Realizzato nella sua attività, approdato ormai cinquantenne nella sicurezza affettiva di una famiglia la sua vita sembrava incamminata nel più felice dei modi, ma, dopo pochi anni la Seconda Guerra Mondiale ne scardinò di nuovo progetti e serenità.
La notte dell’Immacolata del 1942 un bombardamento distrusse il suo bellissimo studio e la sua abitazione con tutto quanto in essi contenuto: restarono con gli abiti che avevano addosso. Ma, quella stessa triste mattina lui andò subito a ricomprarsi colori e pennelli come un giovane studente di belle speranze; a cinquantacinque anni il suo entusiasmo e la sua passione non erano stati distrutti, dipingere era la sua vita e lui avrebbe dipinto sempre e comunque nelle difficoltà e nei disagi dello sfollamento per poi ritornare a Torino alla fine della guerra e… RICOMINCIARE!
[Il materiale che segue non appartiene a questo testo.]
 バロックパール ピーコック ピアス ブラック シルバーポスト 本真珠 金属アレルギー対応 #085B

Non c’erano difficoltà che potessero scoraggiarlo quando dipingeva non sentiva fatica, per questo riuscì a ricoprire di affreschi centinaia di metri quadrati di pareti e volte, arrampicandosi su ponteggi altissimi fino ad ottanta anni. Poi, per riposare, camminava per campagne, montagne e spiagge “a caccia” diceva lui, di soggetti da dipingere. Divoratore infaticabile di libri, passava a volte gran parte della notte a leggere, amante di ogni forma di spettacolo seguì tutta la vita teatro, cinema e poi anche la televisione. La tecnica, il progresso lo affascinavano: all’inizio del 1900 fu tra i primi a comperarsi una radio a galena e…moltissimi anni dopo, guardando alla televisione la discesa del primo uomo sulla luna, ricordò con grande emozione, quando ragazzino in Piazza d’Armi a Torino si sdraiava per terra per poter vedere di quanto i fratelli Wright sarebbero riusciti (tempo permettendo) ad alzarsi in volo!
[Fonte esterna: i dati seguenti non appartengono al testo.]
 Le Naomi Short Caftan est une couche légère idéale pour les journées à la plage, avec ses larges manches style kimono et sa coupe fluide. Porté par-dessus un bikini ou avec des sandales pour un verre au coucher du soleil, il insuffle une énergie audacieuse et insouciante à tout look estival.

Il suo studio sempre molto spazioso, illuminato da un ampio lucernario rigorosamente esposto a Nord, da cui dosava la luce con sapienti giochi di tende chiare e scure, era aperto ad allievi, pittori, modelle, amici, chi veniva per un ritratto o per vedere quadri o semplicemente per fare un saluto, si dipingeva tutti insieme, ascoltando musica e parlando di mille argomenti.
Alle cinque, immancabilmente veniva servito il tè, una consuetudine che Amelia Masciolino aveva portato dall’Inghilterra dove aveva studiato alcuni anni. Era un uomo aperto che stava bene con la gente e la gente stava bene con lui. Così è stato fino all’ultimo giorno di vita: il 17 aprile 1974.